Informe, se déploie, au rythme d’une recherche obstinée en quête d’une pulsation au-delà d’une trace. Des reliefs. Des couches. La ligne couleur inaugurale jaillit pour dire l’insondable, l’impalpable, l’intangible du photographique. Alchimiste, l’artiste tisse les fils d’un nouveau récit. Un espace s’ouvre pour explorer le jeu, le hasard, les similitudes plastiques tangibles. Qu’est-ce qui loge dans notre regard et l’informe ? Informe, interroge et questionne notre perception. Le jeu des mondes plastiques se poursuit, lieu de la réflexion de l’esprit. Le jeu des ressemblances esthétiques façonne un langage technique. Des textures, des couleurs s’entremêlent sur la matière, forment une multiplicité de strates, de lignes sinueuses. Informe, déploie tous les possibles du mouvement. A l’instar du photographe Mario Giacomelli « des choses ou des idées qu’il pouvait voir mais peut-être pas déchiffrer, comme un papier buvard placé sur une tache, il fallait la ramasser, la fixer, la mettre de côté. [...] La photographie n’est rien de plus qu’une feuille de papier avec des signes dessus, des signes comme des idées, tout est une vue de l’esprit », Michele Smargiassi, Giacomelli e l’universo (blog de Repubblica).

Ibn El Farouk convoque d’autres éléments plastiques, il féconde d’autres référents et imaginaires en imprimant une nouvelle dimension à son œuvre.

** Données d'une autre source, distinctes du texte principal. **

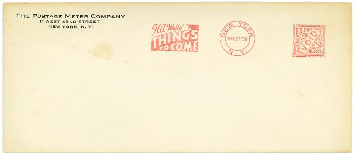 21 March 1936 American Postage Meter SampleExceptionally rare sample of a promotional franking for the film from the Postage Meter Company of New York City. This is almost certainly unofficial, but would have appealed to US cinema operators as a promotional device. [Original in the author's collection]

Il transcende les frontières et les territoires. Le travail du photographe expérimental, sensible, s’ancre dans l’imprévisible et l’inattendu de l’exploration, dans des pensées et des émotions, des images et des couleurs originelles au sein de son atelier, à Bois-Colombes se déployant jusqu’à la métropole casablancaise. Le rouge ardant de Mark Rothko, le jaune éclatant de Monique Friedmann, le noir énigmatique de Malevitch se déroulent dans la continuité de sa production. Au travers de ses grands formats, Ibn El Farouk fusionne la matérialité et l’immatérialité. Informe, organise l’équilibre de l’essence photographique, harmonise son abstraction et son identité philosophique.